◆ Data extract
===
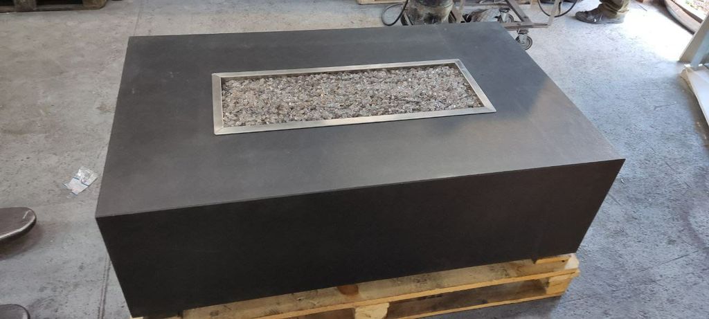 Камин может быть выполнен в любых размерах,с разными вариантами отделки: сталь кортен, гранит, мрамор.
===
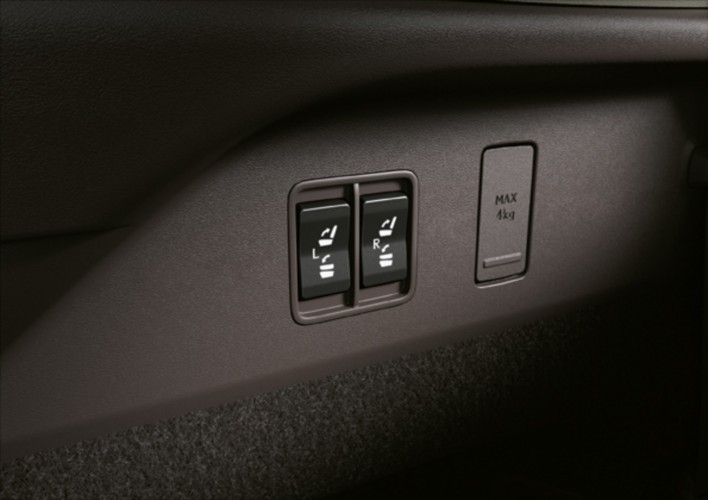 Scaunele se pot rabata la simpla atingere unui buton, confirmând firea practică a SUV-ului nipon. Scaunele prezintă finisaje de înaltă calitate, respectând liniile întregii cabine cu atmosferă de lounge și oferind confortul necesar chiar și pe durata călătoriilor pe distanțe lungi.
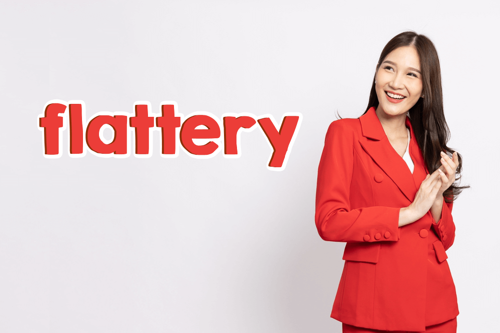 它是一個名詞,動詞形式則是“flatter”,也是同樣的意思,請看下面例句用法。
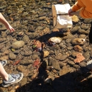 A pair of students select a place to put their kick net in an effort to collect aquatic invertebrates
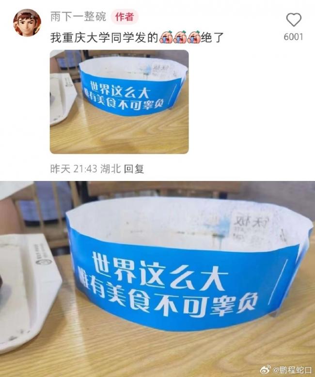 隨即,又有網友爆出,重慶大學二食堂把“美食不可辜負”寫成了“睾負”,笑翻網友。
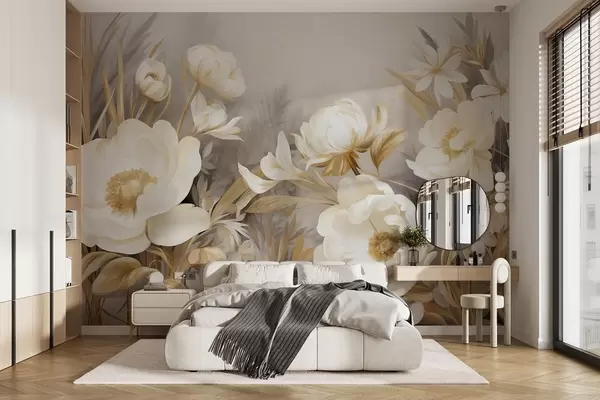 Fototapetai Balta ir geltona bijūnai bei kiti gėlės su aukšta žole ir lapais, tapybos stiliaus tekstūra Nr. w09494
===
Starting at the line containing "A pair of students" and stopping at the line containing "Fototapetai Balta ir", output each line exactly as it appears above. Leave out the pictures.

◆ Written response
 A pair of students select a place to put their kick net in an effort to collect aquatic invertebrates
 隨即,又有網友爆出,重慶大學二食堂把“美食不可辜負”寫成了“睾負”,笑翻網友。
 Fototapetai Balta ir geltona bijūnai bei kiti gėlės su aukšta žole ir lapais, tapybos stiliaus tekstūra Nr. w09494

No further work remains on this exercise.